▶ _Dataset section_:

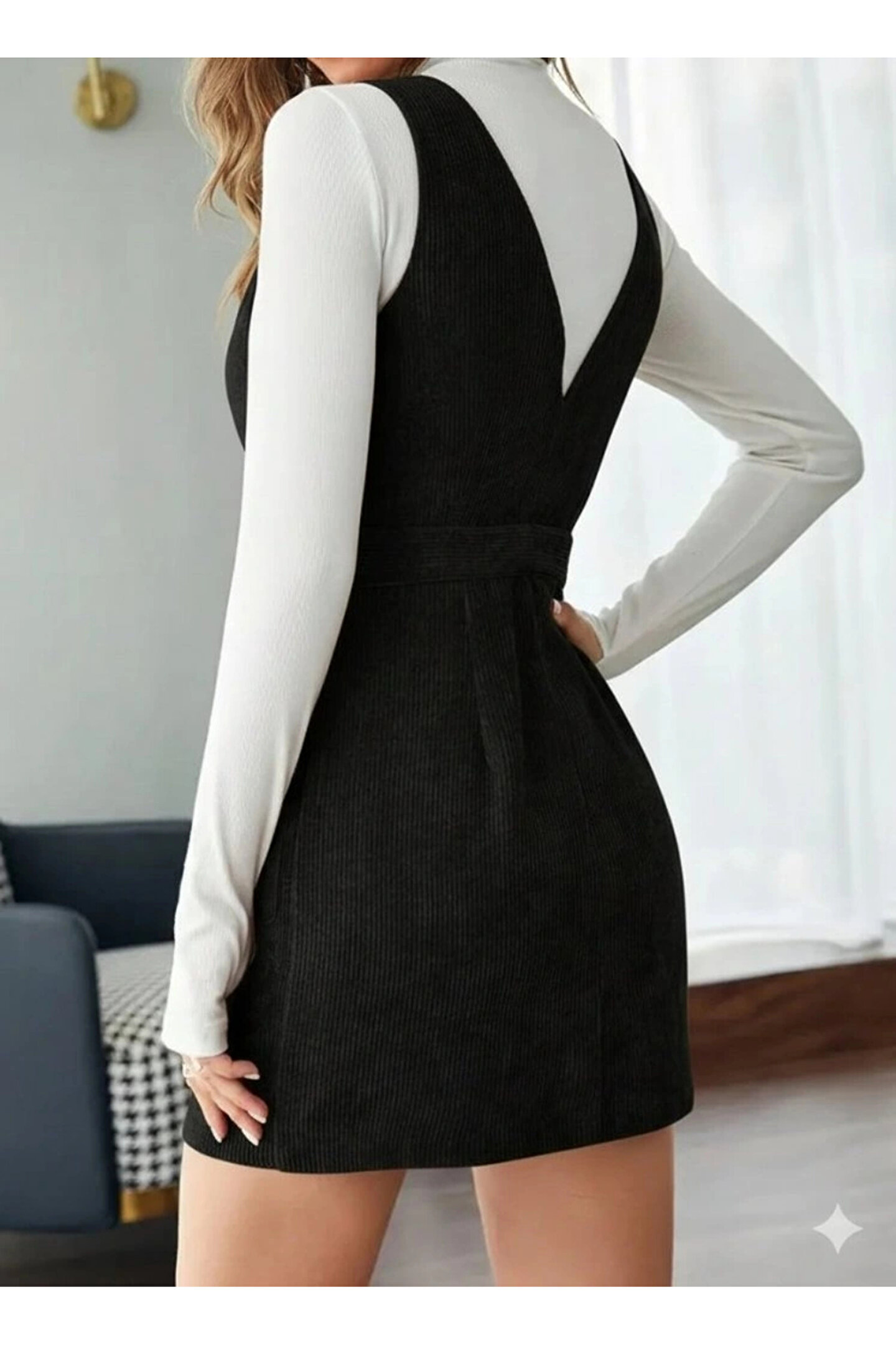 Silerra Kadın Askılı V Yakalı önden Düğmeli Mini Kalın Fitilli Kadife Elbise
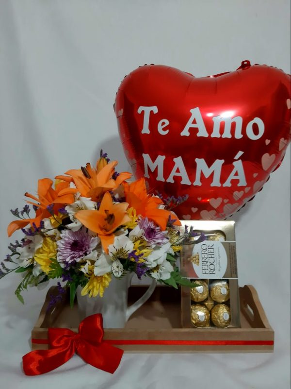 Bandeja decorada, arreglo primaveral, chóclate Ferrero 100g, globo temático y tarjeta de saludos.
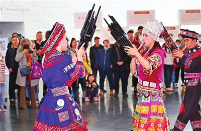 这场由天津歌舞剧院与天津图书馆联合打造的“艺书共享空间”专题活动,以“同心圆”为核心主题,既寓意家人相守团圆、民族同心同行,也让温暖情愫与向善能量在乐声中悄然传递。快闪现场,《同心圆》的婉转旋律与《白马》的灵动节奏交替奏响,四位笙演奏家阎艺、郭莉莎、曹家斌、王磊默契配合,指尖流转间,古老乐器的独特韵味在大厅中弥漫开来。不少读者循着乐声聚拢而来,有人迅速拿出手机定格这突如其来的美好,孩子随着节奏轻轻晃动身体,现场掌声与笑意交织。“过年期间,能在图书馆里听到多姿多彩的民乐,特别有年味,令人耳目一新。”大学生汪子涵欣喜地说:“书香与音乐的融合特别治愈,能让人在学习之余放松心情,真希望以后多些这样的活动。”
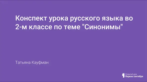 Урок русского языка во 2-м классе по программе "Начальная школа XXI века" под руководством Н.Ф. Виноградовой. Урок изучения нового материала из блока "КУНЯ". Задачи — познакомить с понятием "синонимы", наблюдать за сходством и различием слов-синонимов, развивать навыки речи учащихся, формировать навыки работы в парах и группах. Урок апробирован, получил высокую оценку у коллег, присутствующих на уроке.

▶ _Activity_: Your response must consist of the lines from the beginning of the data through the line containing "这场由天津歌舞剧院与天津图书", transcribed exactly, with no pictures.

▶ _Exercise output_:
 Silerra Kadın Askılı V Yakalı önden Düğmeli Mini Kalın Fitilli Kadife Elbise
 Bandeja decorada, arreglo primaveral, chóclate Ferrero 100g, globo temático y tarjeta de saludos.
 这场由天津歌舞剧院与天津图书馆联合打造的“艺书共享空间”专题活动,以“同心圆”为核心主题,既寓意家人相守团圆、民族同心同行,也让温暖情愫与向善能量在乐声中悄然传递。快闪现场,《同心圆》的婉转旋律与《白马》的灵动节奏交替奏响,四位笙演奏家阎艺、郭莉莎、曹家斌、王磊默契配合,指尖流转间,古老乐器的独特韵味在大厅中弥漫开来。不少读者循着乐声聚拢而来,有人迅速拿出手机定格这突如其来的美好,孩子随着节奏轻轻晃动身体,现场掌声与笑意交织。“过年期间,能在图书馆里听到多姿多彩的民乐,特别有年味,令人耳目一新。”大学生汪子涵欣喜地说:“书香与音乐的融合特别治愈,能让人在学习之余放松心情,真希望以后多些这样的活动。”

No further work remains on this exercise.